Александр Костинский: Из системы образовательной. То есть разрыв образовался между наукой и образованием.

Владимир Малахов: Да, образовался значительный разрыв. И я вам могу сказать так, что, конечно, люди в провинциальных университетах, не в Московском университете, они не глупее преподавателей и сотрудников Московского университета, но, конечно, возможностей для научной работы в провинциальных вузах очень мало.

Александр Костинский: То есть у них нагрузка большая очень.

Владимир Малахов: Огромная нагрузка, нет никакого финансирования для науки. И сколько бы вам ни говорили, что "в нашем университете, в нашем вузе тоже ведется наука", реально, конечно, возможности для научной работы очень сужены.

Вот Московский университет в этом смысле - это уникальная организация, в России это уникальная организация. Потому что в штате Московского университета очень большой процент составляют научные работники.

Александр Костинский: То есть они делают науку и преподают?

Владимир Малахов: Даже в штате кафедр, вот кроме доцентов, профессоров, ассистентов, скажем, иногда две трети штата кафедр составляют старшие, младшие, ведущие научные сотрудники. Это означает, что каждая кафедра Московского университета, она представляет собой как бы научный институт, и иногда не такой маленький. Ведь в МГУ совсем не редкость кафедры, на которых 50-100 человек сотрудников.

Александр Костинский: Да, европейские институты научные таких размеров, в общем-то.

Владимир Малахов: Да. И поэтому кафедры ведут реальную научную работу. Выход этой работы очень большой, потому что, скажем, в советское время (я не знаю, существует ли это сейчас) существовал такой учет что ли таких научных достижений, как регистрация открытий. Так вот, 20 процентов открытий, делавшихся в Советском Союзе, делались в стенах Московского университета, всего одной организации.

Александр Костинский: Но огромной.

Владимир Малахов: Да, большой организации. Тем не менее, конечно, эта организация, как вы понимаете, примерно в 20 раз меньше, чем Академия наук в целом, если сравнить общую численность, так сказать, вузов.

Ну вот, и получается, что студенты, придя на кафедру, оказываются обязанными заниматься научной работой.

Александр Костинский: То есть в МГУ они обязаны...

Владимир Малахов: Да, обязаны. Это не такая ситуация, что студенты там вовлекаются через научные кружки, студенческие научные общества - это все в МГУ даже, в общем, не очень развито, я бы сказал. Потому что студены по своему учебному плану - вот такой казенный термин употреблю, они обязаны заниматься научной работой, уже начиная где-то с третьего курса, они обязаны это делать.

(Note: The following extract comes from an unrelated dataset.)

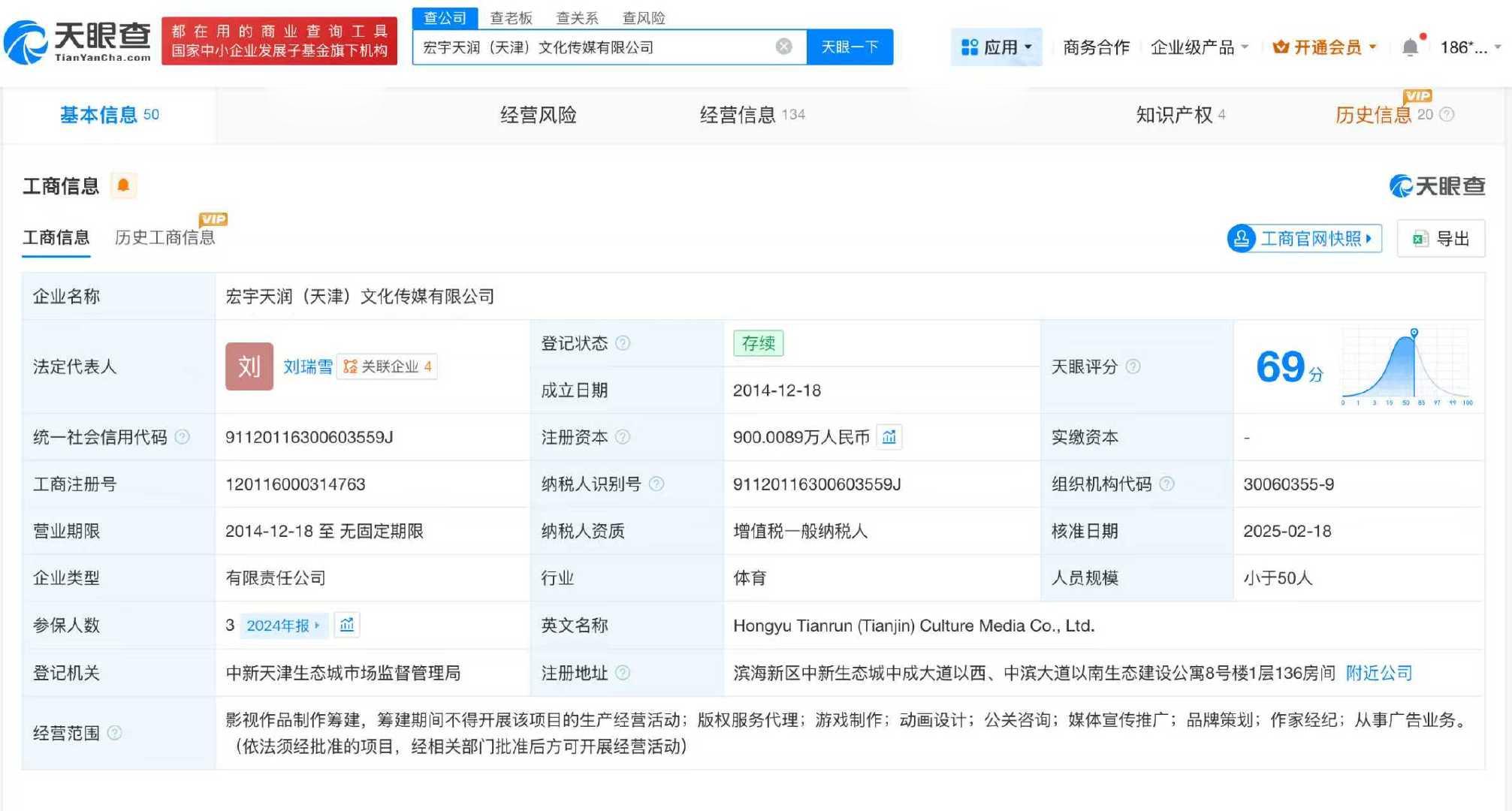 宏宇天润(天津)文化传媒有限公司成立于2014年12月,法定代表人为刘瑞雪,注册资本约900万人民币,经营范围包括版权服务代理、媒体宣传推广、作家经纪等。股东信息显示,该公司由刘瑞雪、陈万宁、陈思玄等共同持股。变更记录显示,今年2月,该公司注册资本由约1111万人民币减至约900万人民币。

И у них есть возможность это делать. Что это означает? Это значит, что студент получает на кафедре собственное рабочее место, вот так, как сотрудник в исследовательском институте, грубо говоря, стол получает.

Александр Костинский: Ну да, в биологии еще нужны какие-то приборы...

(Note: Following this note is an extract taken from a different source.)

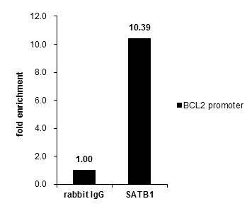 - Cross-linked ChIP was performed with Jurkat chromatin extract and 5 µg of either control rabbit IgG or SATB1 Polyclonal Antibody (Product # PA5-30163). The precipitated DNA was detected by PCR with primer set targeting to BCL2 promoter.

Владимир Малахов: Получат свое, за ним записанное ему на карточку, оборудование, ему оно выдается - микроскоп, бинокулярный стереомикроскоп, микротом, реактивы соответствующие, ну, в тех пределах, в которых у нас, так сказать, есть возможность снабдить его оборудованием. Важно, что у него есть собственное место рабочее, собственный небольшой приборный парк, и он может вести исследования, ну, под руководством какого-то сотрудника на кафедре. А на кафедре ведутся исследования, и студенту вменяется в обязанность выбрать тему, выбрать руководителя и принять участие в этих исследованиях, а затем доложить свою работу, не реферативную, не по литературе подготовленную, а сделанную своими руками, с использованием методик, которым он обучился, с использованием приборов, реактивов, на тех организмах, которые он собрал во время летних экспедиций, практик, или с которыми он работает в течение... ну, в экспериментальных областях - на экспериментальных животных, или культурах тканей, или культурах бактерий. Он обязан эту работу сделать руками, попутно с обучением, ему выделяется для этого время и место, и защитить ее публично. Причем защита проводится по стандарту...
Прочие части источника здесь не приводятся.